- _Supplied material_:
────────
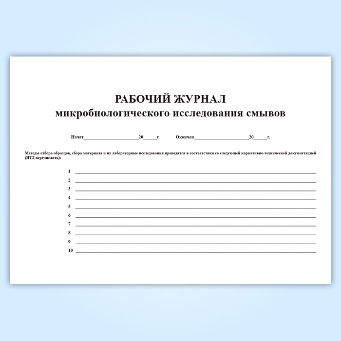 Рабочий журнал микробиологического исследования смывов (форма № 381у) в Ульяновске купить
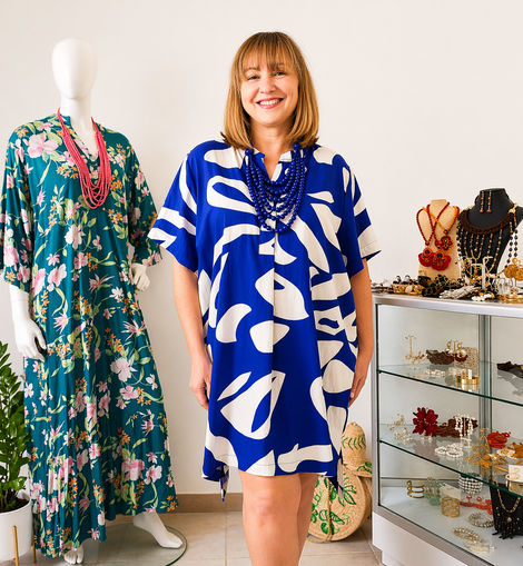 Este tunic dress combina un diseño moderno con una silueta suelta que favorece y estiliza sin esfuerzo. Su tela en polyamide es ligera, fresca y de caída suave, perfecta para un look elegante pero cómodo.
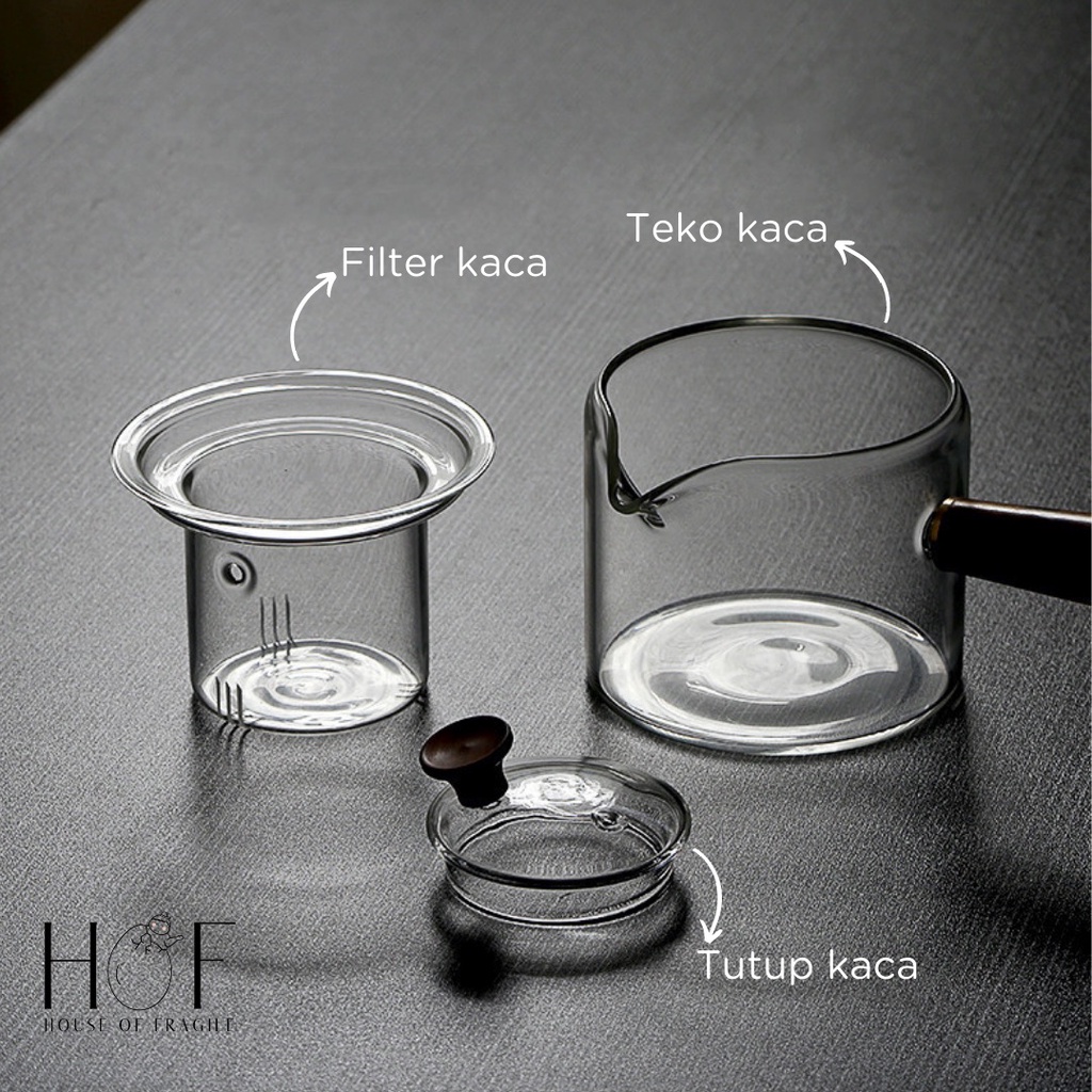 KAYU [HOF] TIPO Aesthetic Glass Filter Tea Pot - Unique Cafe Aesthetic Pot Pitcher With Cafe Wooden Handle
────────
Return nothing except the lines from the one containing "Este tunic dress" through the final line of the data, copied exactly. Leave out all pictures.

- _Result of this exercise_:
 Este tunic dress combina un diseño moderno con una silueta suelta que favorece y estiliza sin esfuerzo. Su tela en polyamide es ligera, fresca y de caída suave, perfecta para un look elegante pero cómodo.
 KAYU [HOF] TIPO Aesthetic Glass Filter Tea Pot - Unique Cafe Aesthetic Pot Pitcher With Cafe Wooden Handle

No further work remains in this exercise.